[[ Extracted records open ]]
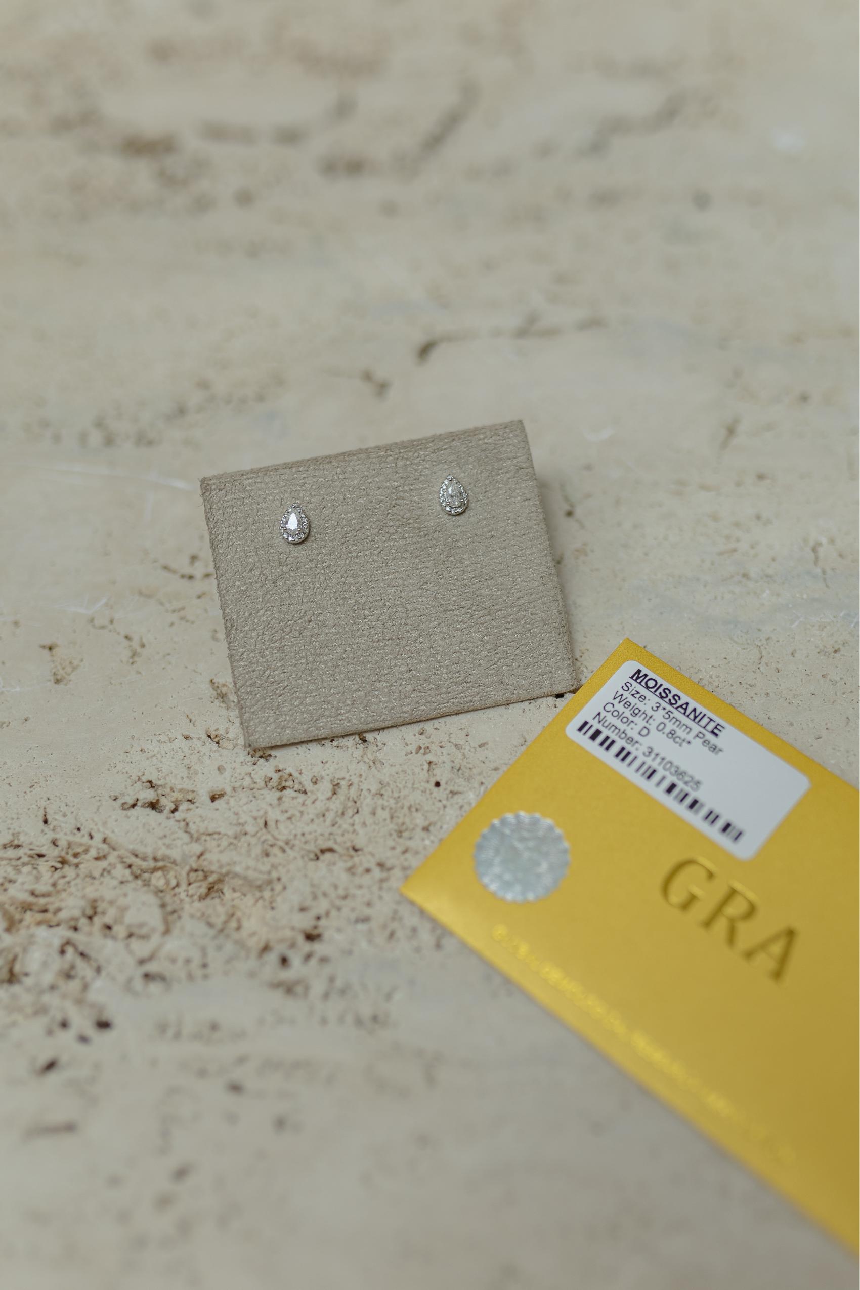 Brinco Mini Gota Cravejado Moissanite Prata 925 Ródio Branco
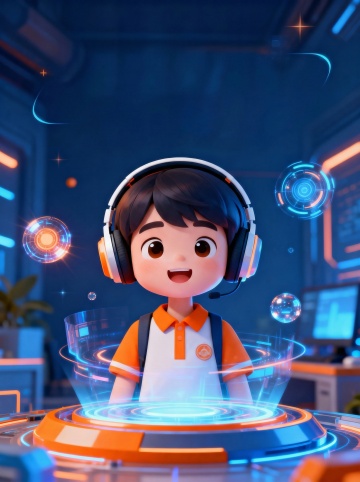 科技感十足的3D重拟物风设计,融合霓虹灯与金属质感,展现未来AI教育场景,虚拟现实元素点缀,突出商务与创新氛围。
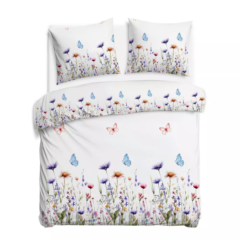 31512/1 Flannelette Darymex-Flanellbettwäsche, weiß, bunte Blumen – Set, 100 % Baumwolle, warm und weich
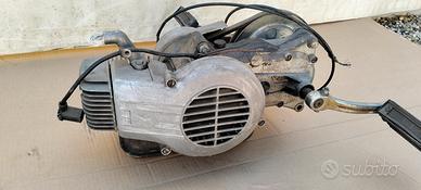 Blocco motore completo Minarelli 50cc V2 originale. È stato smontato funzionante qualche anno fa e poi tenuto fermo quindi è da controllare. I PEDALI NON SONO DISPONIBILI Monta su tuboni storici come Malaguti cimatti italjet fantic motor ecc.. possibilità di spedizione anche con pagamento alla consegna Tel. 345/1270874
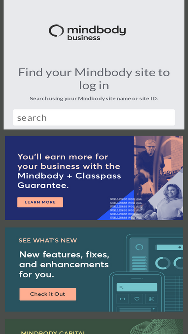 61%use the mindbody launch page to find your site and access your business information. you may search by business name or site id.
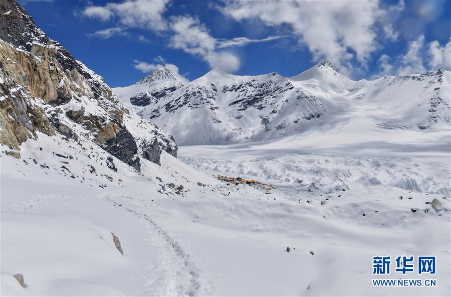 被大雪覆盖的海拔6500米的珠峰前进营地(5月22日摄)。新华社记者 晋美多吉 摄
[[ Extracted records closed ]]
Try it: Please retype the lines from the one that contains "31512/1 Flannelette Darymex-Flanellbettwäsche, weiß, bunte" through the final line of the data, both included, without any pictures.

Solution for this task:
 31512/1 Flannelette Darymex-Flanellbettwäsche, weiß, bunte Blumen – Set, 100 % Baumwolle, warm und weich
 Blocco motore completo Minarelli 50cc V2 originale. È stato smontato funzionante qualche anno fa e poi tenuto fermo quindi è da controllare. I PEDALI NON SONO DISPONIBILI Monta su tuboni storici come Malaguti cimatti italjet fantic motor ecc.. possibilità di spedizione anche con pagamento alla consegna Tel. 345/1270874
 61%use the mindbody launch page to find your site and access your business information. you may search by business name or site id.
 被大雪覆盖的海拔6500米的珠峰前进营地(5月22日摄)。新华社记者 晋美多吉 摄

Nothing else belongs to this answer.